Let $\Sigma \subset \mathbb{R}^2$ be a smooth, embedded, compact hypersurface. Then it can be locally written as a graph of a function. With that, I mean that for any $p \in \Sigma$ there is a neighborhood a ball $B_{r_x}(p) \subset \mathbb{R}^2$ of radius $r_p>0$ around $x$ such that the hypersurface is locally given as the graph of a function $u$, $$ \Sigma \cap B_{r_x}(x) = \{(z,u(z)): z \in [-r_p,r_p]\}. $$
What I want to know is whether it is possible to bound the radius $r_p$ from below by the curvature of the hypersurface. The fact that it is possible to find such a representation follows from the implicit function theorem but it doesn't yield a lower bound on $r_p$. Is there some quantitative version of the implicit function theorem?

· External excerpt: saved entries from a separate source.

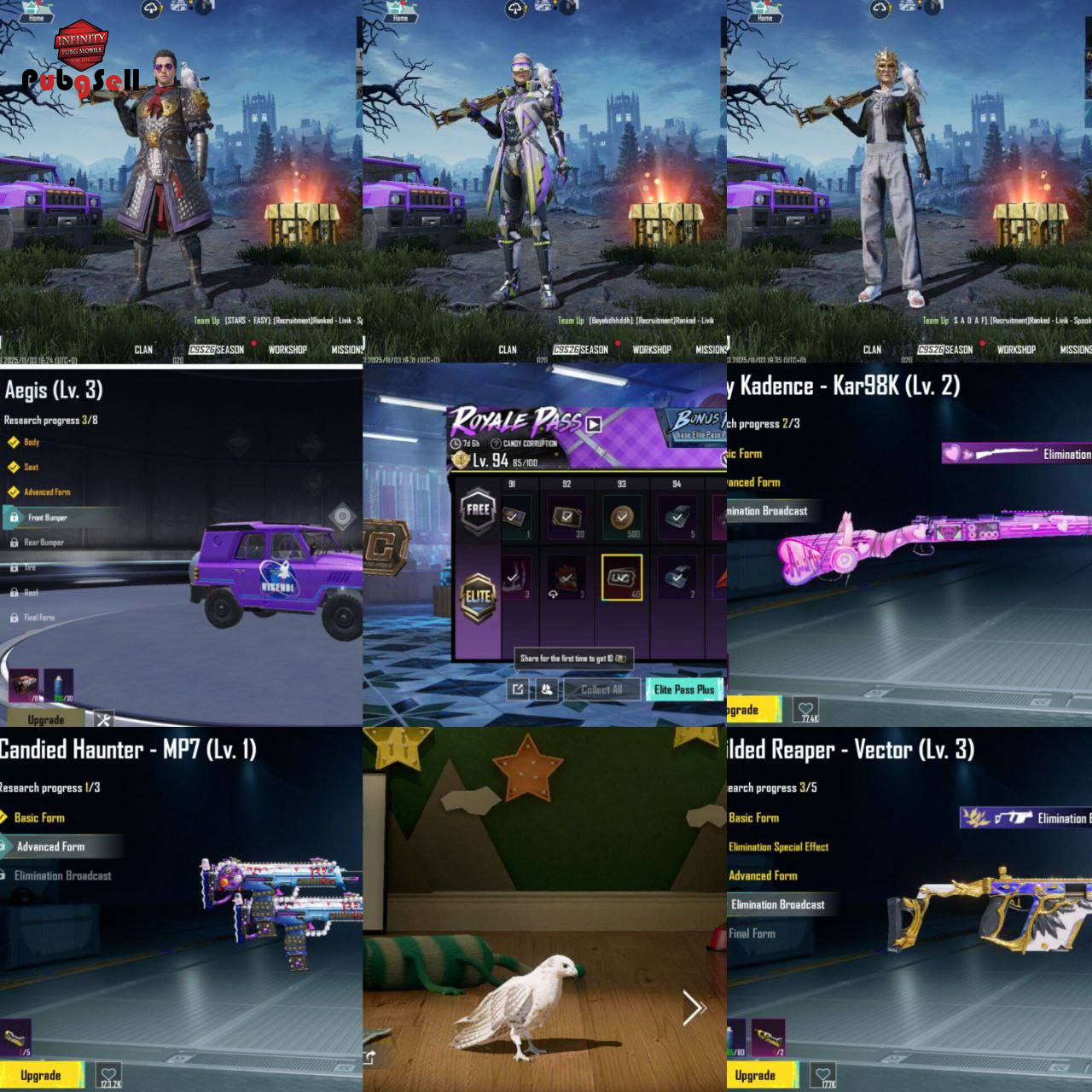 💯 لول :79 💸 تعداد یوسی :220 ⭐ سیزن های الایت: S:S16.S17.S18.S19 M:M1.M2.M3.M4.M7.M8.M9.M10.M11.M12.M13 A: A15 ⚜ سیزن های الایت مکس : S16.S17.S18.19.M1.M2.M3.M4.M7M8.M9.M10.M11.M12.M13.A15 🏆 سیزن های کانکوئر شده : 💯 لول کالکشن:51 نزدیک 52 🐔 چیکن (محبوبیت) : 🔐 لینک شده :لینک سه ⚙️ توضیحات : ⚡️ACCOUNT LV 79 ⚡️M4 ZENDANI ⚡️SET TDM ⚡️ COLLECTION 51 ⚡️MYTIK 39 ⚡️CHIKN LV 3 💫DANS SEASONS S13 💫DANS SEASONS S14 💫DANS SEASONS S15 💫DANS SEASONS S16 💫DANS SEASONS S17 💫DANS SEASONS S18 💫DANS SEASONS S19 ✨SET KAREKTR DAR MITIK ✨SET KAREKTR DAR EPIK KAM YAB ✨FOLL SET 🌟ACC FOLL ♠️ گان های اپگریدی غیر آرپی: ⚡️VEKTOR LV2 ⚡️KAR 98 LV2 گان اپگریدی ارپی:Candied Haunter - MP7 (Lv.1)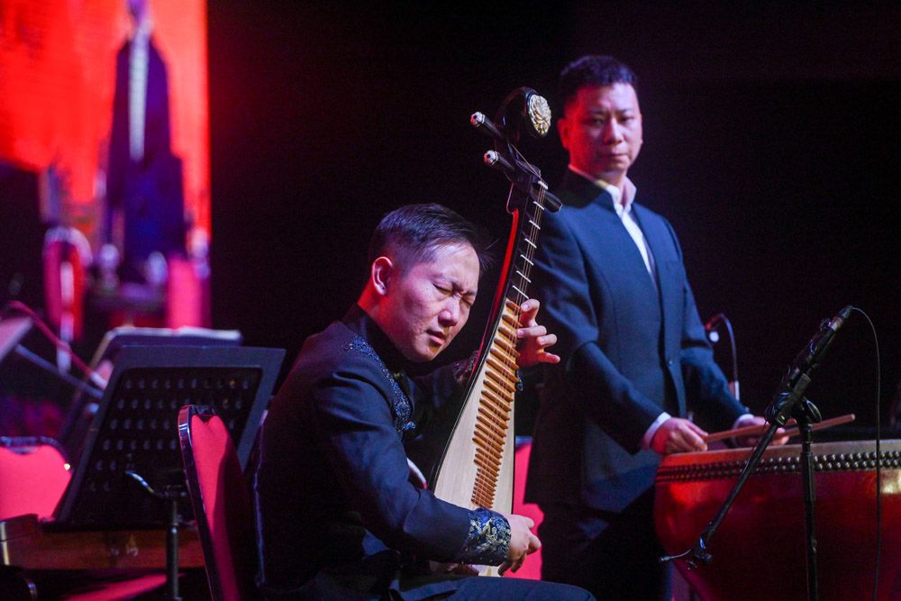 担纲本次专场演出的中国音乐家协会“金钟之星”民乐团,由荣获中国音乐最高奖“金钟奖”金奖的多位青年演奏家等组成。据主办方介绍,“一带一路”倡议提出十年来,中国音乐家协会多次组派民族音乐团组赴沿线国家举办“丝路花语”中国民族音乐巡演活动。(图片来源:中新社)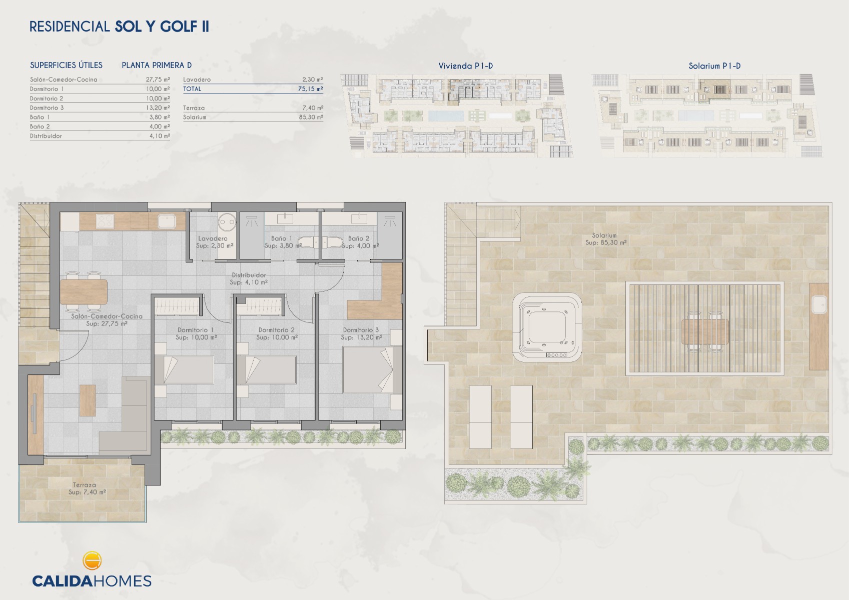 En Cálida Homes no solo somos tu promotora de confianza, somos los constructores de este exclusivo bungalow junto al golf en venta en Torre Pacheco, perteneciente al prestigioso Residencial Sol y Vida – Fase 2. Cada detalle de esta vivienda ha sido cuidadosamente diseñado por nuestro equipo, con los más altos estándares de calidad y eficiencia. Gracias a nuestra amplia experiencia como promotora en la Costa Cálida, podemos ofrecerte un producto final impecable, con acabados modernos, materiales de primera y un estilo funcional pensado para el confort diario. Además, en Cálida Homes nos encargamos de gestionar todos los trámites relacionados con la compra, para que tú solo tengas que preocuparte por disfrutar de tu nuevo hogar. Desde la reserva hasta la entrega de llaves, te acompañamos con un trato personalizado, claro y profesional.

My idea would be the following.
After rotating and translating, it is possible to arrange that in $p=(0,0)$ the gradient of $u'(0)=0$. If we assume that the second fundamental form of $\Sigma$ is bounded by a constant, $|A| \leq C$, I am able to bound, for any $\epsilon>0$, in a ball of radius $(4 \epsilon^{-1}C)^{-1}$ $$ |u'| \leq \epsilon, \quad |u''| \leq 2 C. $$ It seems to be possible to deduce from here, that for $Id$ being the identity map on $\mathbb{R}^2$, we get the following operator norm bound, $$ |(z,u(z))-Id| \leq \epsilon. $$ Hence, $(z,u(z))$ is invertible in $[-(4 \epsilon^{-1}C)^{-1},(4 \epsilon^{-1}C)^{-1}]$. Now I don't see the arguments but I think it should be possible to bound the radius $r_p$ from below by $(4 \epsilon^{-1}C)^{-1}$.